> _Provided material_:
<<<<

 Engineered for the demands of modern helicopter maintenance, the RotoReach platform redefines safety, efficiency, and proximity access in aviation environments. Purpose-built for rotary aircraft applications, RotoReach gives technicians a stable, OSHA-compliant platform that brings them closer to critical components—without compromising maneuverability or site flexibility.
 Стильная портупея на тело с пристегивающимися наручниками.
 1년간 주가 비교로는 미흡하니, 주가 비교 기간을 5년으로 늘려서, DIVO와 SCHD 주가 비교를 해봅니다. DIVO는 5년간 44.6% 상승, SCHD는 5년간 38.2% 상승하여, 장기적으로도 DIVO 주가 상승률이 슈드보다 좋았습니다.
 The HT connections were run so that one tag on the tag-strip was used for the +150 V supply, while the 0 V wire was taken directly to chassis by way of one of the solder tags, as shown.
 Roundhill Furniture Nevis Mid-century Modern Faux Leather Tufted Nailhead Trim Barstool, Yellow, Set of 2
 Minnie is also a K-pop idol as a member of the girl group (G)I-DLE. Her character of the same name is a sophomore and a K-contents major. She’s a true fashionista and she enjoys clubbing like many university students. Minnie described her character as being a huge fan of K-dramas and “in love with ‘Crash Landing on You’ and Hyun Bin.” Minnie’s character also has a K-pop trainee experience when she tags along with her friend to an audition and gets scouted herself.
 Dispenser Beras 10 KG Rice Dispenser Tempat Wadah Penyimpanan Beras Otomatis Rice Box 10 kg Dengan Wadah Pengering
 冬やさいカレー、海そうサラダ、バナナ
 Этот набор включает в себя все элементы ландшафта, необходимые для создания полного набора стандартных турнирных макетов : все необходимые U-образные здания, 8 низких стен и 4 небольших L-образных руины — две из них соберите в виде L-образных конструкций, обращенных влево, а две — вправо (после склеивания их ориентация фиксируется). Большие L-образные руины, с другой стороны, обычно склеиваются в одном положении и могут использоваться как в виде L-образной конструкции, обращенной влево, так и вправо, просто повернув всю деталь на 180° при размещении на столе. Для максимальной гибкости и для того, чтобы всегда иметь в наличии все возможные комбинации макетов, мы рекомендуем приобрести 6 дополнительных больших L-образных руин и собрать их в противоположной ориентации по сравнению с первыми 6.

>>>>

> _Task brief_:
What is needed is an exact copy of the lines above, from the one containing "Dispenser Beras 10" through the one containing "冬やさいカレー、海そうサラダ、バナナ", with nothing added.

> _Result of this exercise_:
 Dispenser Beras 10 KG Rice Dispenser Tempat Wadah Penyimpanan Beras Otomatis Rice Box 10 kg Dengan Wadah Pengering
 冬やさいカレー、海そうサラダ、バナナ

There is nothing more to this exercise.